Anyone know about this or have advice?  Obviously, I have been trying not to use these feedproxy URL's if I can remember not to do so.

5 Comments
Inline Feedbacks
View all comments

For technical blogs I get a drip feed of their old blogs using http://www.streamspigot.com/feed-playback/ They use google's feed archive to get data. I hope they don't cut that off. I learn quite a bit from those old blog posts in an easy fashion (slowly fed to me in my reader).

My condolences, that sounds like a real pain.

It would be better to de-proxify those links if possible. You don't really want the feedproxy in there anyway; it just snuck up on you because of how Google Reader works.

On a related note, you can also trim off the crud starting with "/?" That stuff is just for statistics, and it doesn't make any sense for a normal hyperlink.

You could probably script this pretty easily. Curl accepts a "--head" argument that will show you the 301 redirect, along with the destination URL. For example:

[xxx.yyyyy@W80501BMAGZ:tmp] $ curl --head "http://feedproxy.google.com/~r/Twistedsifter/~3/BohimNYue3Y/"

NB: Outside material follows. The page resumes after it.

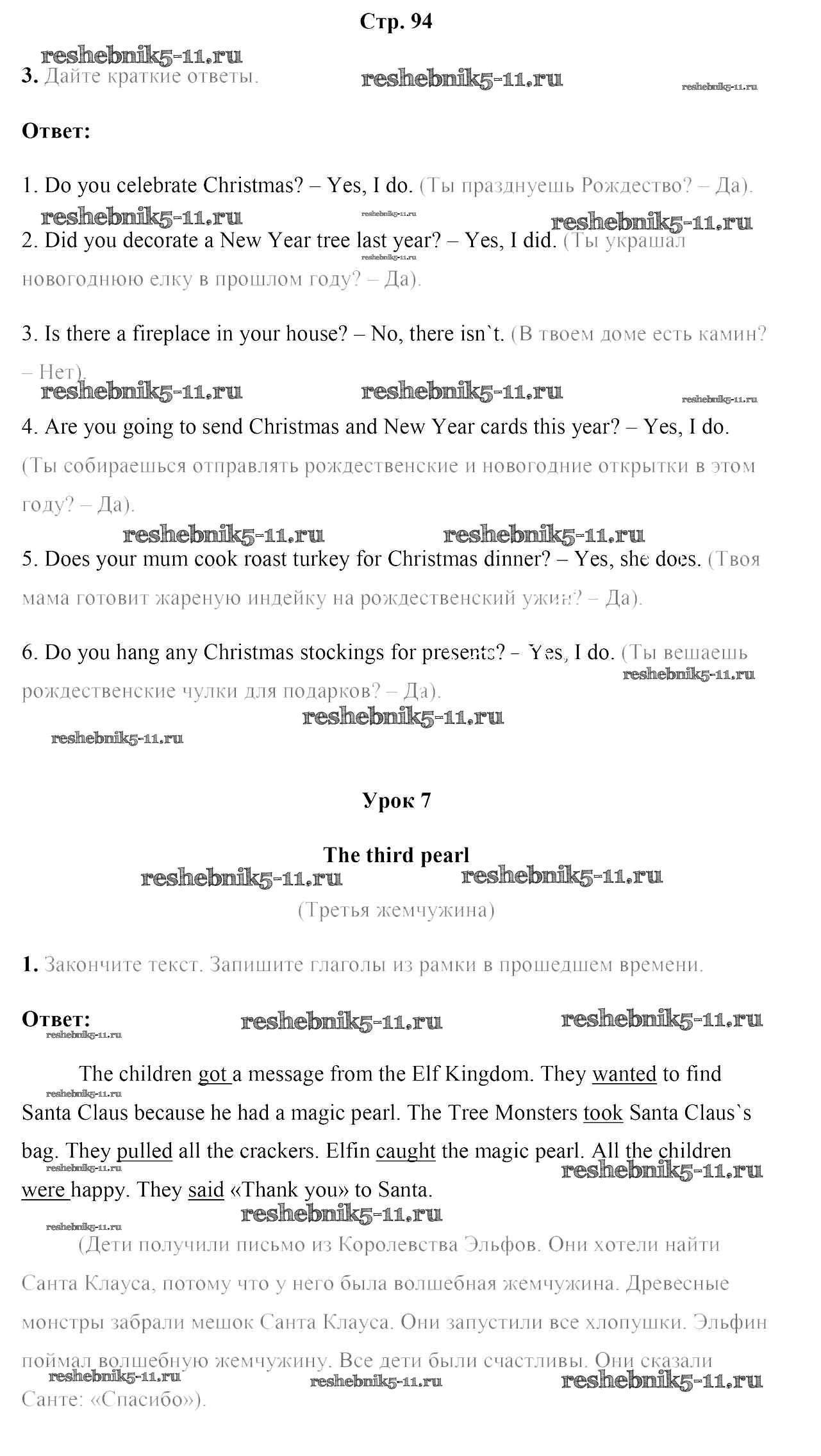 Готовая домашняя работа с ответами по Английскому языку за 5 класс Лапицкая, Севрюкова, Калишевич, Седунова Рабочая тетрадь Часть 1, 2 Аверсэв 2016 ФГОС - Часть 1. Страницы 94

HTTP/1.1 301 Moved Permanently

Location: http://twistedsifter.com/2013/04/strangely-similar-movies-released-around-the-same-time/?utm_source=feedburner&utm_medium=feed&utm_campaign=Feed%3A+Twistedsifter+%28TwistedSifter+%29

Content-Type: text/html; charset=UTF-8
[snip]

Note that you could just grep out the location, and replace it with the new URL. I'm not sure how your data is stored (I don't know much about blogs), but you might even be able to generate a big lookup table, with the source & destination URLs, then script the search & replace based on that.

You are correct for most sites. The use the /? for stats and tracking, however, on Wall Street Journal's web site there have been times when I stripped the /? crap and ended up without a useful page.

WSJ is unbelievably clunky - if you use a dated browser, you can't even access it any more.